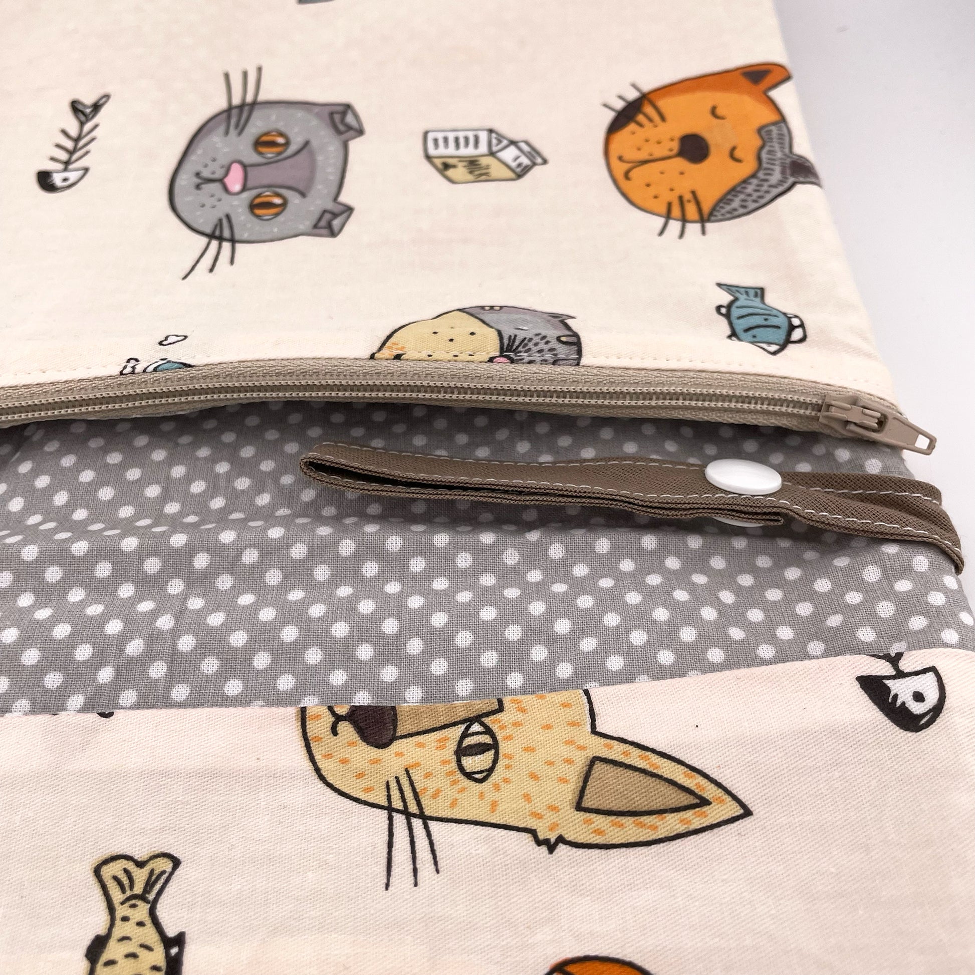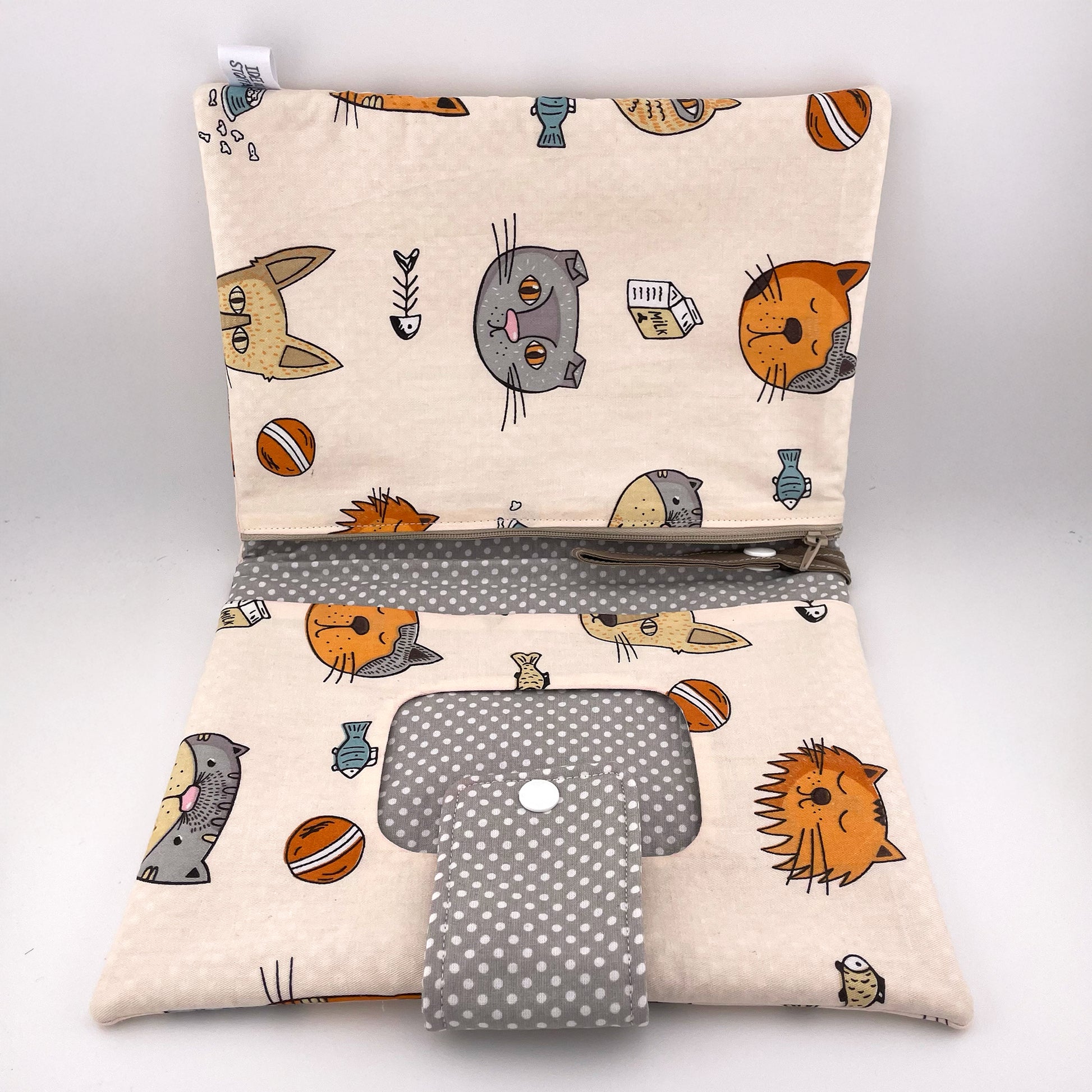 Questo pratico multitasca portapannolini ha uno scomparto per le salviette umidificate, asola portaciuccio (che eventualmente può essere usata per attaccare il multitasca al passeggino), tasca con cerniera per un cambio e tasca libera per pannolini. Perfetto per portare con sè tutto il necessario per il cambio del tuo bambino in ogni occasione. La chiusura è con bottone automatico ed è realizzato completamente a mano in cotone leggermente imbottito.
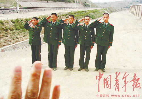 2004年6月2日,甘肃陇西,守卫一座隧道的武警甘肃总队二支队六中队的5名战士向离去的记者敬礼告别。记者 狄多华摄
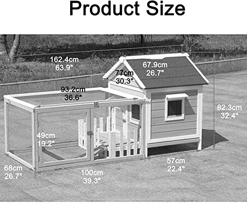 Panorama großer Weltraum Die Größe des Kaninchenkäfigs beträgt 162,4 x 68 x 82,3 cm/63,9 x 26,7 x 32,4 Aufschlag mit großer Landebahn und interner Aktivitätsraum. Damit können Sie leicht Tiere bestimmen und Sie können jede Bewegung durch den Stacheldrahtzaun beobachten.
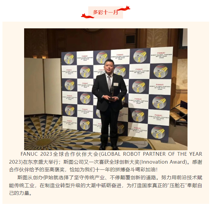 熱烈慶祝2023年斯圖再獲FANUC全球創(chuàng)新獎!
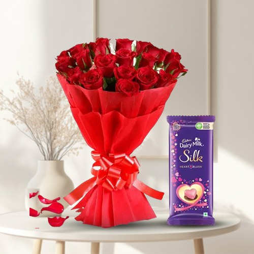 Show your intense love on Valentines Day with this gift of Blushy Valentine 24 Red Roses Bouquet in tissue wrap with Cadbury Dairy Milk Silk Valentine Heart Blush Chocolate Bar (60g) and dazzle your loved ones.
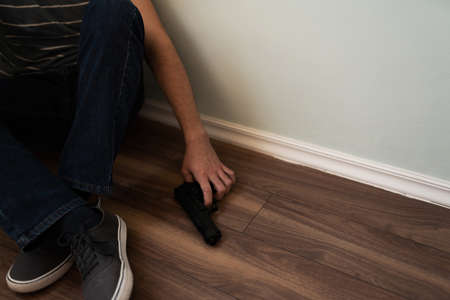 Close up of an unhappy adult man with a depression problem sitting in a corner with a gun and thinking about suicide

● **WHAT TO DO**
The answer should be the full material above, printed exactly, with no pictures in it.

● **OUTPUT OF THE TASK**
 Questo pratico multitasca portapannolini ha uno scomparto per le salviette umidificate, asola portaciuccio (che eventualmente può essere usata per attaccare il multitasca al passeggino), tasca con cerniera per un cambio e tasca libera per pannolini. Perfetto per portare con sè tutto il necessario per il cambio del tuo bambino in ogni occasione. La chiusura è con bottone automatico ed è realizzato completamente a mano in cotone leggermente imbottito.
 2004年6月2日,甘肃陇西,守卫一座隧道的武警甘肃总队二支队六中队的5名战士向离去的记者敬礼告别。记者 狄多华摄
 Panorama großer Weltraum Die Größe des Kaninchenkäfigs beträgt 162,4 x 68 x 82,3 cm/63,9 x 26,7 x 32,4 Aufschlag mit großer Landebahn und interner Aktivitätsraum. Damit können Sie leicht Tiere bestimmen und Sie können jede Bewegung durch den Stacheldrahtzaun beobachten.
 熱烈慶祝2023年斯圖再獲FANUC全球創(chuàng)新獎!
 Show your intense love on Valentines Day with this gift of Blushy Valentine 24 Red Roses Bouquet in tissue wrap with Cadbury Dairy Milk Silk Valentine Heart Blush Chocolate Bar (60g) and dazzle your loved ones.
 Close up of an unhappy adult man with a depression problem sitting in a corner with a gun and thinking about suicide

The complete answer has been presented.